Fig.1 FTSE/JSE Top 40 Index Correlation Matrix We tested the performance of GWN and MTGNN on a multi-step forecasting task for 20- and 40- window sizes, 5- and 10-day horizons with the inclusion of the correlation matrix to initialise the GWN and MTGNN adjacency matrices.

The results demonstrate that the provision of structural information proxied by a correlation matrix does not improve predictive performance. For GWN, the forward-backward-adaptive adjacency matrix configuration marginally outperforms for a 20-day input window only.

The provision of prior information results in a minimal improvement in MTGNN's predictive performance for a 20-day window. However, performance similarly degrades as the window size is doubled.

Our results show that a correlation matrix is a sub-optimal mechanism encode prior structural information. The prior inclusion of multivariate correlations produced a negligible impact on predictive accuracy. We conclude that linear correlations do not capture complex latent dependencies in the stock market.

Multivariate Correlation Analysis

Fig.2 Bi-clustered Correlation Matrix
Fig.3 GWN Adaptive Adjacency Matrix
Fig.4 MTGNN Adaptive Adjacency Matrix

GWN extract a graph structure that is highly dissimilar to that represented by the correlation matrix.
Comparing the adaptive adjacency matrices, GWN extracts a sparse graphical structure, in contrast to the dense graph learnt by MTGNN.
There are no identifiable commonalities between the two matrices, nor is one matrix a more fine-grained dependency representation.

Fig.5 Simple Correlation Network GWN's share price forecasting performance suggests that the model can accurately extract spatial dependencies. Therefore, we can infer that fewer complex dependencies exist, given that the sparse graph is an approximate representation of market structure.
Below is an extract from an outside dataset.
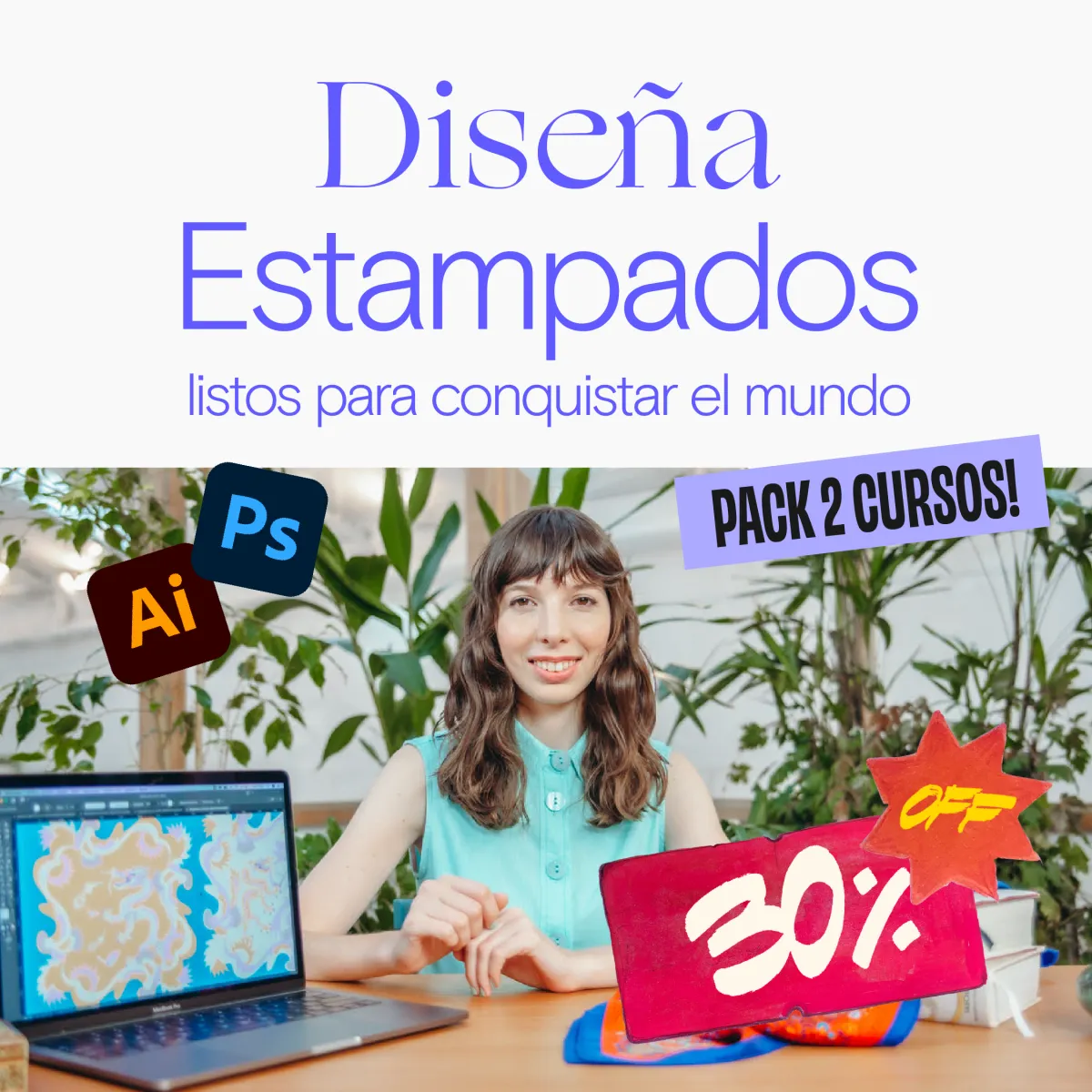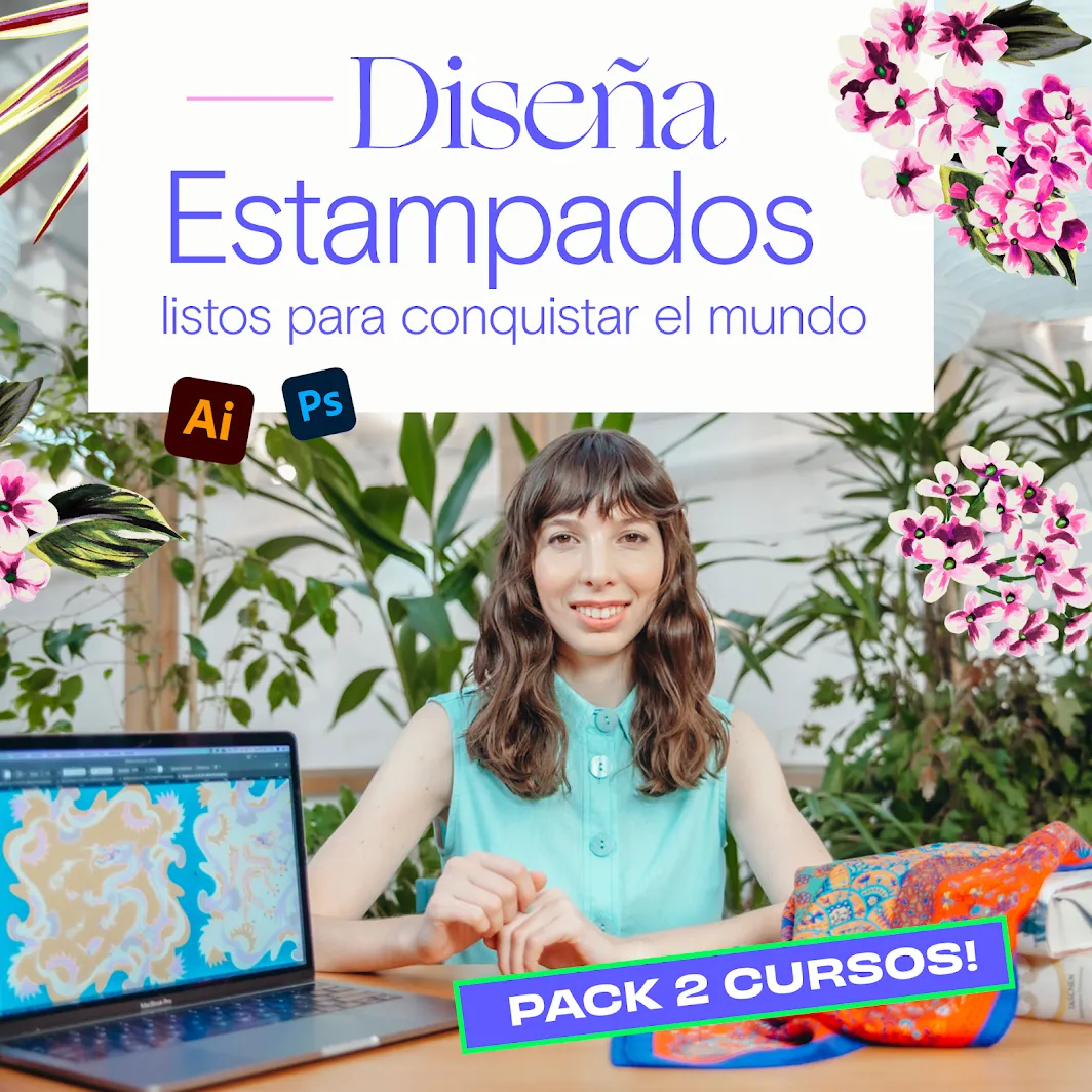 Con este pack de cursos vas a aprender TODO LO NECESARIO para dominar Illustrator y Photoshop y crear diseños de calidad con estampados que brillen, enamoren a tus clientes y ¡generen ventas explosivas!

We constructed a simple and two-level hierarchical correlation network from the static correlation matrix. Our analysis identified that the network communities stabilises at two. This aligns with the results of bi-clustering performed on the correlation matrix, which finds two compact clusters of highly correlated stocks. Further analysis can produce structural information encodings that may capture non-linear dependencies more effectively.


Future Work

Fig.6 Graph WaveNet Adaptive Graph This research has addressed gaps in the literature and produced empirical results that assess the applicability of the selected ST-GNNs to JSE-listed share price prediction and the suitability of a correlation matrix proxy for the graph structure.

We produced a state-of-the-art representation of the dependencies in the FTSE/JSE Top 40 Index through the GWN adaptive graph. We provide a foundation for future investigation of spatial-temporal graph neural networks and real-world applications of stock market prediction. Future research can evaluate stock market data from different exchanges and other ST-GNN techniques.